Fictional occult detective

Flaxman Low is a fictional character created by British authors Hesketh Hesketh-Prichard and his mother, Kate O'Brien Ryall Prichard, published under the pseudonyms "H. Heron" and "E. Heron". Low is credited with being one of the first occult detectives in fiction, and appears in a series of twelve short stories, first published from 1898 to 1899.

==Description==
In the fictional stories, Flaxman Low is a pseudonym for "one of the leading scientists of the" Victorian era," whose real name is not disclosed. He is described as having been an accomplished athlete in his youth who turned his interests to a scientific study of the occult.

==Stories==
From 1898 to 1899, press baron Cyril Arthur Pearson published six Flaxman Low stories in his monthly Pearson's Magazine, though the authors were disconcerted to find the tales promoted by Pearson as "real". The collected work was published as Ghosts: Being the Experiences of Flaxman Low in 1899.

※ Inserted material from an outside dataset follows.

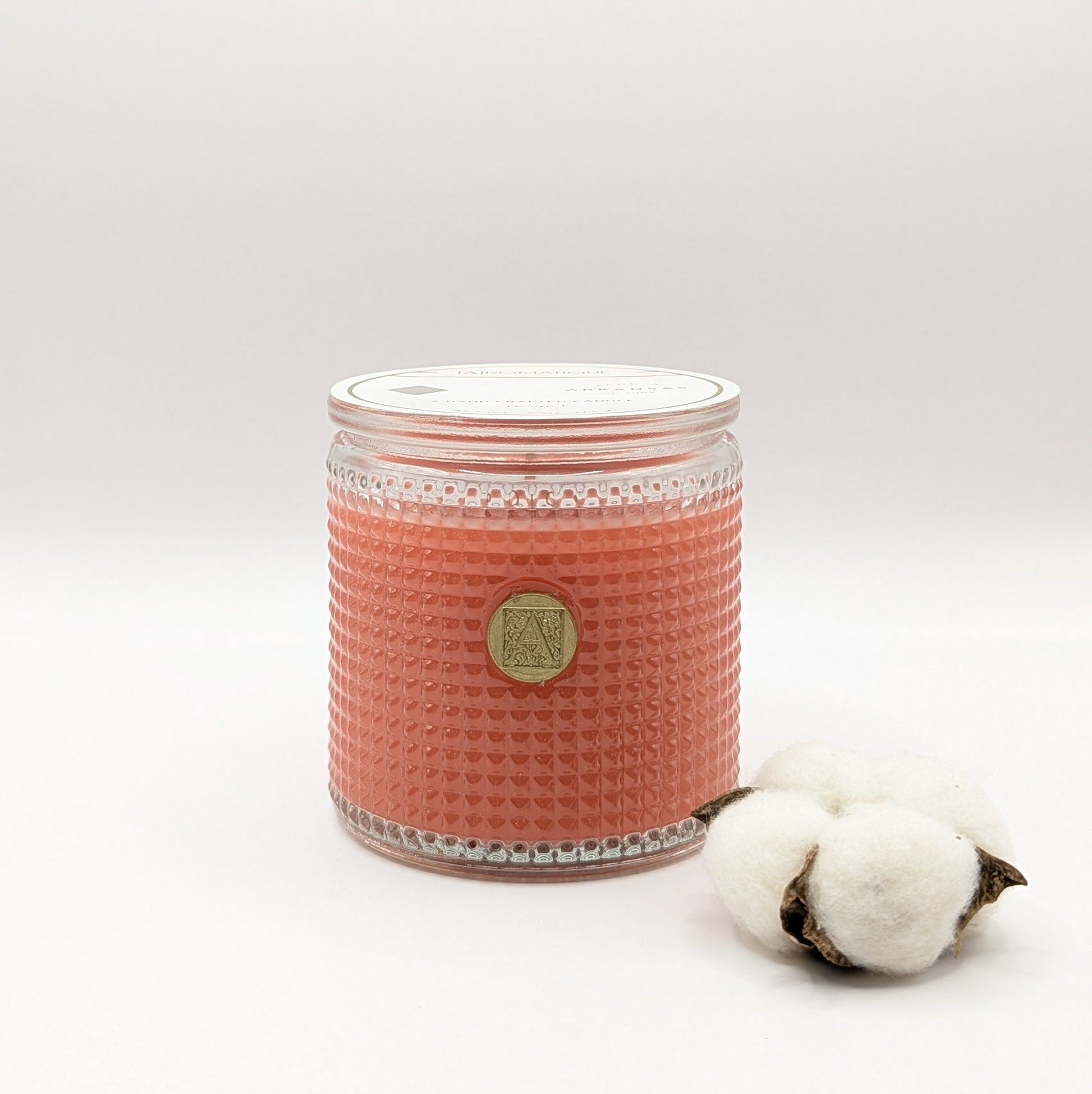 This sweet citrus fragrance is a blend of oroblanco pomelo blended with pomegranate musk, and infused with a hint of clementine blossoms.

The stories are as follows:
- "The Story of the Spaniards, Hammersmith" (1898)
- "The Story of Medhans Lea" (1898)
- "The Story of the Moor Road" (1898)
- "The Story of Baelbrow" (1898)
- "The Story of Yand Manor House" (1898)
- "The Story of the Grey House" (1899)
- "The Story of Saddler's Croft" (1899)
- "The Story of Sevens Hall" (1899)
- "The Story of No. 1 Karma Crescent" (1899)
- "The Story of Konnor Old House" (1899)
- "The Story of Crowsedge" (1899)
- "The Story of Mr Flaxman Low" (1899)

===By other authors===
The Improbable Adventures of Sherlock Holmes (2009) includes a short story by author Barbara Roden, "The Things That Shall Come Upon Them", which teams up Flaxman Low with Sherlock Holmes who together investigate a haunted house mystery.